Technical Overview

Under the hood, NFDs use smart contracts to associate your wallet address with a readable name, like "silvio.algo", allowing you to send and receive crypto using an identity that is easy to type and remember. NFDs are owned not leased. This makes it possible to permanently own your identity without fear of forgetting to register it.

NFDs support forward and reverse lookups, meaning that a name ("silvio.algo") can be used to find its associated wallet addresses, and vice versa. This opens up a host of discoverability and transparency features for blockchain explorers, NFT marketplaces, DAOs, and other web3 services that integrate with NFDs. There are already over 60 platforms using NFDs in place of addresses. Check out our integrators page to find them all.

Since every NFD is a distinct contract instance, up to 8KB of metadata (the maximum allowed by Algorand) can be stored in the contract's global state. This enables users to associate profile information, social media, and other data with their NFD.

Each NFD mints its own ARC19 NFT, or "identity token", that represents your NFD's contract state, including all metadata you set. This feature is what enables NFDs to "live" in your wallet, giving you full visibility and ownership of your digital identity. Thanks to the mutable ARC19 standard, the NFT can update its own metadata so that it stays up-to-date. When you sell your NFD all metadata is wiped from both the NFD and NFT.

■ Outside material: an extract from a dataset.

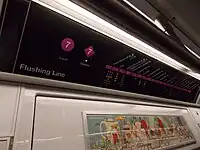 On June 10, 2016,[8] cars 7501–7928–7510 had their route signs modified with green circle/red diamond LED signs and a LED numbered-route display, similar to those on the R62A sets that were previously used on the 7, which are now on the 6. This modification was done to make it easier for passengers to differentiate between an express or a local train. In the following year, car 7501 had the LCD destination indicator parts of its destination signs replaced with LED panels to make it aesthetically similar to the aforementioned route display.[9] Cars 7505 and 7503 received the same modifications in mid-2019 and mid-2020, respectively. It is currently unknown if the remainder of the rolling stock will be retrofitted with these features.
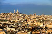 Prachtige opname van het uitzicht over Parijs, Frankrijk, gezien vanaf de Arc de Triomphe kijkend naar oa de Sacre-Coeur basiliek aan het einde van de middag in de lente met mooi zonlicht

The maximum length of an NFD is 27 characters. Emoji's, and 1- & 2-character names will be auctioned in reverse auctions, along with some other curated words. Allowed characters are A-Z, 0-9 & an Emoji library. No special characters are allowed. The amount of ALGO will fluctuate based on the ALGO/USD conversion at the time of purchase. There will be no renewal fees for an NFD.

Forward and Reverse Name Resolution

Thanks to the innovative smart contract architecture that underpins NFDs, both forward and reverse lookups are supported. In other words, "silvio.algo" can be used to find a wallet address, and a wallet address can be used to find "silvio.algo".

That might not seem like a big deal, but it unlocks exciting features and usability improvements across a wide range of services.

For example, using reverse lookups, blockchain explorers can display readable names of exchanges and other services in their tables of transactions, DAOs can provide more transparency by showing information about individual participants in governance votes, and NFT artists can display their name, profile and information about their project in any marketplace that integrates with NFDs.

Those are just some of the possibilities. Using our public APIs and smart contracts, we expect developers to discover new and exciting ways to use this powerful combination of bidirectional lookups, unique identity, and user-driven metadata.